**Provided records:**
───
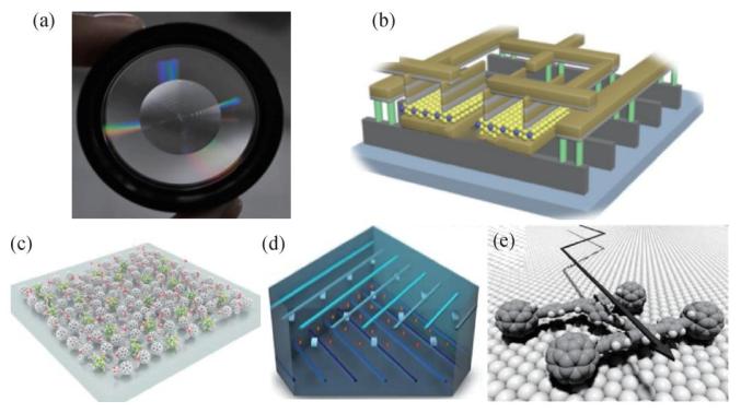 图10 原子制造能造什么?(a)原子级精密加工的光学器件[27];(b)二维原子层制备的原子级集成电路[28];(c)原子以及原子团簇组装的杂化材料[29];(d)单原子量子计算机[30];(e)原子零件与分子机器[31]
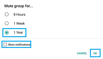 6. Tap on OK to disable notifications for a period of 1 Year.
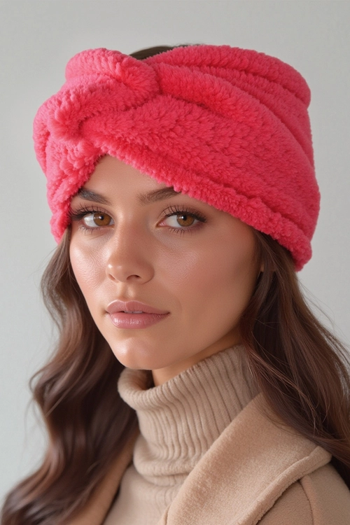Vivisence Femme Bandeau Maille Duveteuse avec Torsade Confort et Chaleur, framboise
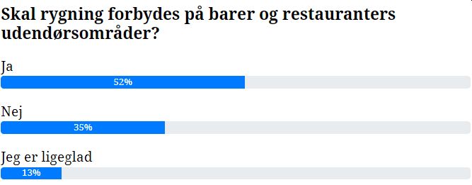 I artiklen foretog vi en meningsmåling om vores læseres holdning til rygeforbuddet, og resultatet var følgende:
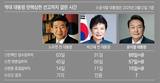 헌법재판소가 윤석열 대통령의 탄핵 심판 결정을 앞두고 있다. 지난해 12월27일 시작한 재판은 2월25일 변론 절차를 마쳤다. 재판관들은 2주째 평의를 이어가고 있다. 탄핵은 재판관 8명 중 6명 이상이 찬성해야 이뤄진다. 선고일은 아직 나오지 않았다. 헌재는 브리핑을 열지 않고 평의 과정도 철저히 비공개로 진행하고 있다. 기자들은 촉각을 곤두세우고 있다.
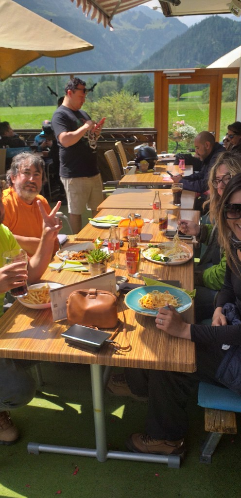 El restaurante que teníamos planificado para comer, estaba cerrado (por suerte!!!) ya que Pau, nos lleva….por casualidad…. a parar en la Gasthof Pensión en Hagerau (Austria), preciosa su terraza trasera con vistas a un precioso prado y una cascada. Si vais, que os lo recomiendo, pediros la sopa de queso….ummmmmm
───
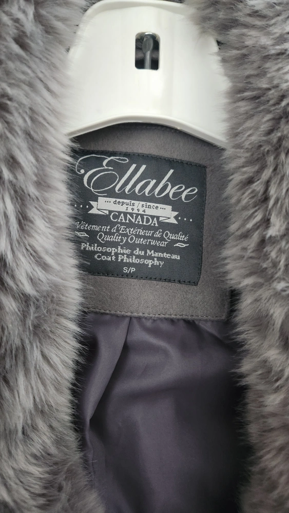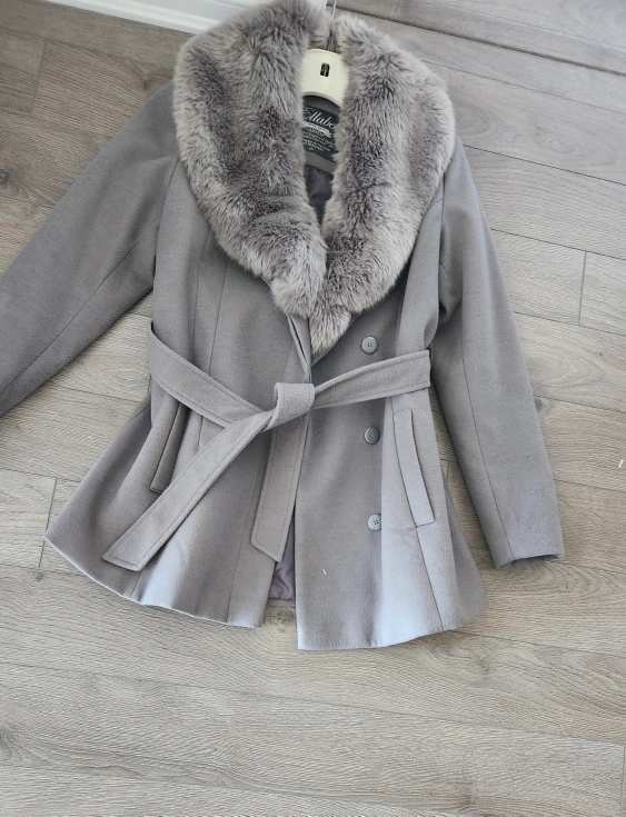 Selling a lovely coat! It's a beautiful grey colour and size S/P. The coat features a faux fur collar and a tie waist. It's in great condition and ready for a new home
───
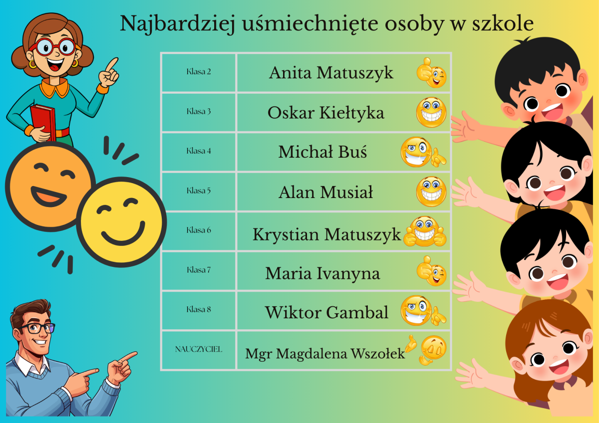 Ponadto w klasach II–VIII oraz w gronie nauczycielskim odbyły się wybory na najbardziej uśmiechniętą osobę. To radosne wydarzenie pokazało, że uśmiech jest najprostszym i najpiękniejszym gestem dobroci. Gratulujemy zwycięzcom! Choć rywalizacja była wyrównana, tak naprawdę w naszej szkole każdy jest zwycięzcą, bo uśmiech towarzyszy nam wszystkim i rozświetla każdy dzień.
───
**Problem description:** With the pictures omitted, restate word for word the lines above from the line that has "图10 原子制造能造什么?(a)原子级精" up to and including the line that has "El restaurante que", and no other lines.

**Answer to the problem:**
 图10 原子制造能造什么?(a)原子级精密加工的光学器件[27];(b)二维原子层制备的原子级集成电路[28];(c)原子以及原子团簇组装的杂化材料[29];(d)单原子量子计算机[30];(e)原子零件与分子机器[31]
 6. Tap on OK to disable notifications for a period of 1 Year.
Vivisence Femme Bandeau Maille Duveteuse avec Torsade Confort et Chaleur, framboise
 I artiklen foretog vi en meningsmåling om vores læseres holdning til rygeforbuddet, og resultatet var følgende:
 헌법재판소가 윤석열 대통령의 탄핵 심판 결정을 앞두고 있다. 지난해 12월27일 시작한 재판은 2월25일 변론 절차를 마쳤다. 재판관들은 2주째 평의를 이어가고 있다. 탄핵은 재판관 8명 중 6명 이상이 찬성해야 이뤄진다. 선고일은 아직 나오지 않았다. 헌재는 브리핑을 열지 않고 평의 과정도 철저히 비공개로 진행하고 있다. 기자들은 촉각을 곤두세우고 있다.
 El restaurante que teníamos planificado para comer, estaba cerrado (por suerte!!!) ya que Pau, nos lleva….por casualidad…. a parar en la Gasthof Pensión en Hagerau (Austria), preciosa su terraza trasera con vistas a un precioso prado y una cascada. Si vais, que os lo recomiendo, pediros la sopa de queso….ummmmmm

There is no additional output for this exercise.